It would be unfair to the collective memories and experience of supporters past and present to describe this current campaign as a season in hell.
We’ve lived through those right enough, even if the passage of time can help take the edge off the heartache.
But the 15 and 19 pointers ticked all the boxes, as did the drop into the old Division 3. For me 1976-77 had a brutality all of its own, the hopelessness, the wide-eyed joy and the sad twisted finale at Goodison as, elsewhere, Jimmy Hill played his Time Lord games.
There’ve been games alone which had a touch of hell – older fans will recall the last home game against Chelsea in 1963 or the 1979 debacle against Cardiff with promotion in sight. And, more recently, that disgusting 1-5 at The Landfill. And anyone at Hull back in ’67 for that second replay will never use the words fair and football in the same sentence.

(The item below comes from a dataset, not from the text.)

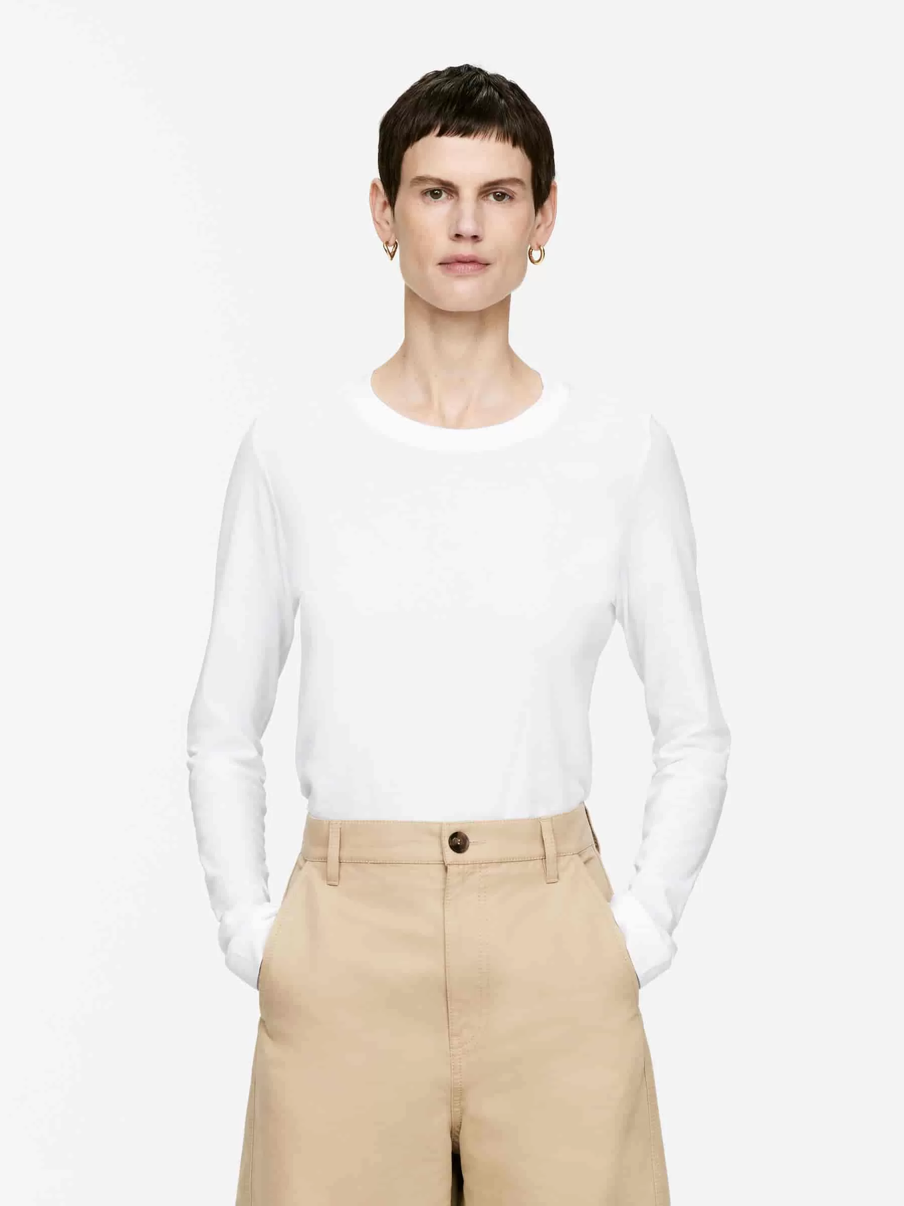 Langärmliges T-Shirt aus leichtem Baumwolljersey. Mit Rundhalsausschnitt und normaler Passform.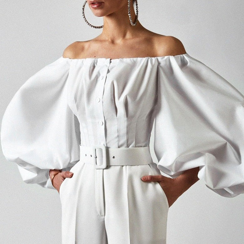 Las mangas largas añaden un toque de sofisticación al conjunto, mientras que el blanco clásico le confiere un aspecto elegante y atemporal. El corset realza los hombros y el busto, creando una silueta femenina y favorecedora.

No, this isn’t hell. It’s worse in its way. It is purgatory.
Maybe someone should have subtitled the Divine Comedy: ‘It’s the hope I can’t stand’. Though we were closer to the league title 700 years ago than we are now Dante didn’t have a future Sunderland on his mind when he penned his famous poem.
But he knew a thing or two about hope and despair and would see a sporting equivalent in the current season under Martin O’Neill and his less-than-merry men.
Watching game after ponderous game of this fare is soul destroying. It’s like waiting for the last bus when you know its long gone but you can’t figure out what else to do. So you sit there. Just hoping.
While we likely won’t go down and will somehow shuffle towards another half a dozen points we know that avoiding relegation isn’t going to solve things.
At best we face another whole sale clean out in the summer with the dreaded rebuilding word bandied about again.
But at worst. Oh God, just imagine another season with Larsson in central midfield, Catts in the treatment room, no proper full backs, Johnson getting slower and centre halves in a collective slow-paced race to see who can pick up their pension first.
So we can genuinely ask:
Why a top flight team would play a good chunk of games with two midfielders at full back?
Why we would buy a striker for 5-million who is a poor replica of what we already have while sending a younger player out of loan and selling yet another?
Why we set up to play counter attacking football with one of the slowest squads in the league?
Why we have players constantly coming back from injury and getting hurt again?
Why we fill our midfield with plodders and expect to play exciting football?
Why we bring in unfit players on loan and then either can’t or won’t play them as they come, then eventually go, like a silent fart in a crowded room?
While we may not get any answers to these and other questions we do get the result which is dreadfully dull football that will possibly see us limp across the finishing line with the only joy being that it is finally, blessedly over.
From Purgatory there beckons either Paradise or Hell. Which one awaits us? Bookies have closed the books on the latter.